Archimedes Memoria
Archimedes Memória foi um arquiteto eclético brasileiro. Dirigiu a Escola Nacional de Belas Artes, onde exerceu um papel fundamental na consolidação do ensino de arquitetura no Brasil, e foi um dos protagonistas da arquitetura brasileira nas primeiras décadas do século XX, construindo a maior parte dos edifícios icônicos do período. O seu projeto mais importante foi o do Palácio Tiradentes. Tinha um estilo eclético, com forte ênfase no neocolonial e art déco. Era um dos líderes nacionais da Ação Integralista Brasileira.

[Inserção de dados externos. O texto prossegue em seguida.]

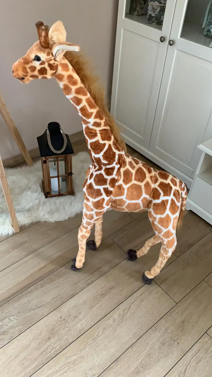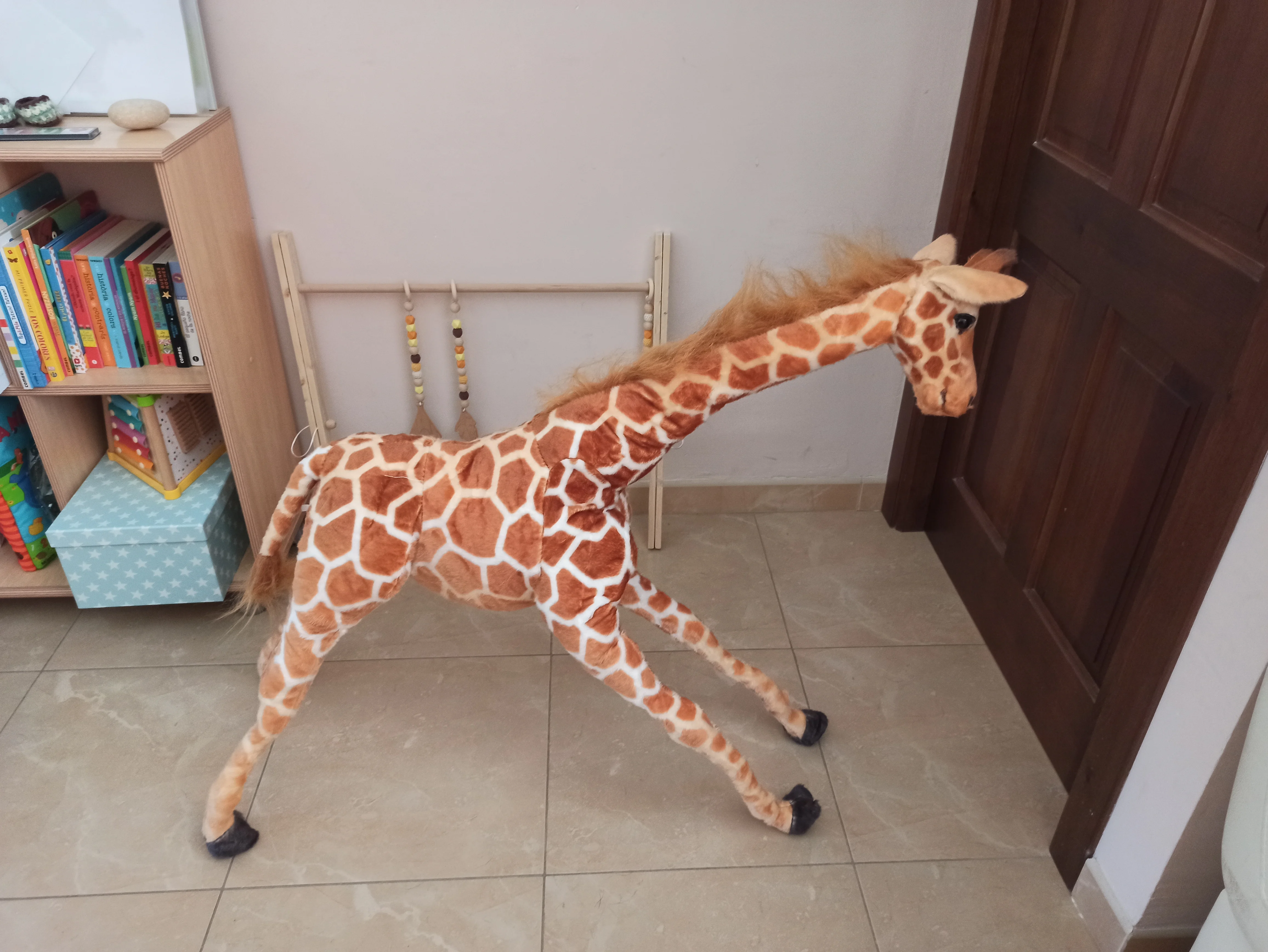 Жираф очень хороший! Я доволен ценой! Ножки имеют небольшую раму для перепела, чтобы иметь возможность поставить жирафа стоя или сидя Только нижняя сторона. Волосы гривы и хвоста легко отделяются! Затем он будет в конце декоративные предметы в детской комнате

Imagem: Phillip1932 · CC0 · Openverse
Natural de Ipu, no Ceará, mudou-se para o Rio de Janeiro em 1911, com a intenção de estudar desenho na Escola Nacional de Belas Artes. Após o início do curso, decidiu transferir-se para o curso de arquitetura, tendo obtido diversas distinções acadêmicas. Iniciou sua vida profissional no "Escritório Técnico Heitor de Mello", em 1918. Com o falecimento de Heitor, em 1920, a quem sucedeu, tornou o escritório o maior do Rio de Janeiro até 1935. Projetou alguns dos mais marcantes edifícios cariocas das décadas de 1920 e 1930. Em 1920, ingressou no quadro de professores da Escola Nacional de Belas Artes. Foi professor catedrático de "Grandes Composições de Arquitetura" na FAU/UFRJ e diretor da Faculdade de Arquitetura da Universidade do Brasil. Foi responsável pelo plano urbanístico da Exposição Internacional do Centenário da Independência, no Calabouço, em 1922; pelo projeto do Palácio Pedro Ernesto - Câmara dos Vereadores do Rio de Janeiro; pelos projetos da Igreja de Santa Terezinha no Túnel Novo, e das sedes do Hipódromo da Gávea e do Botafogo de Futebol e Regatas; pelo projeto do Palácio das Indústrias, hoje Museu Histórico Nacional; pelo Palácio da Festas; pelo Rio Cassino, no Passeio Público; pelo altar-mor da Igreja da Candelária; por inúmeras residências. Seu projeto mais imponente foi o do Palácio Tiradentes, edifício em estilo eclético, destinado a abrigar a Câmara dos Deputados, realizado em parceria com Francisco Cuchet.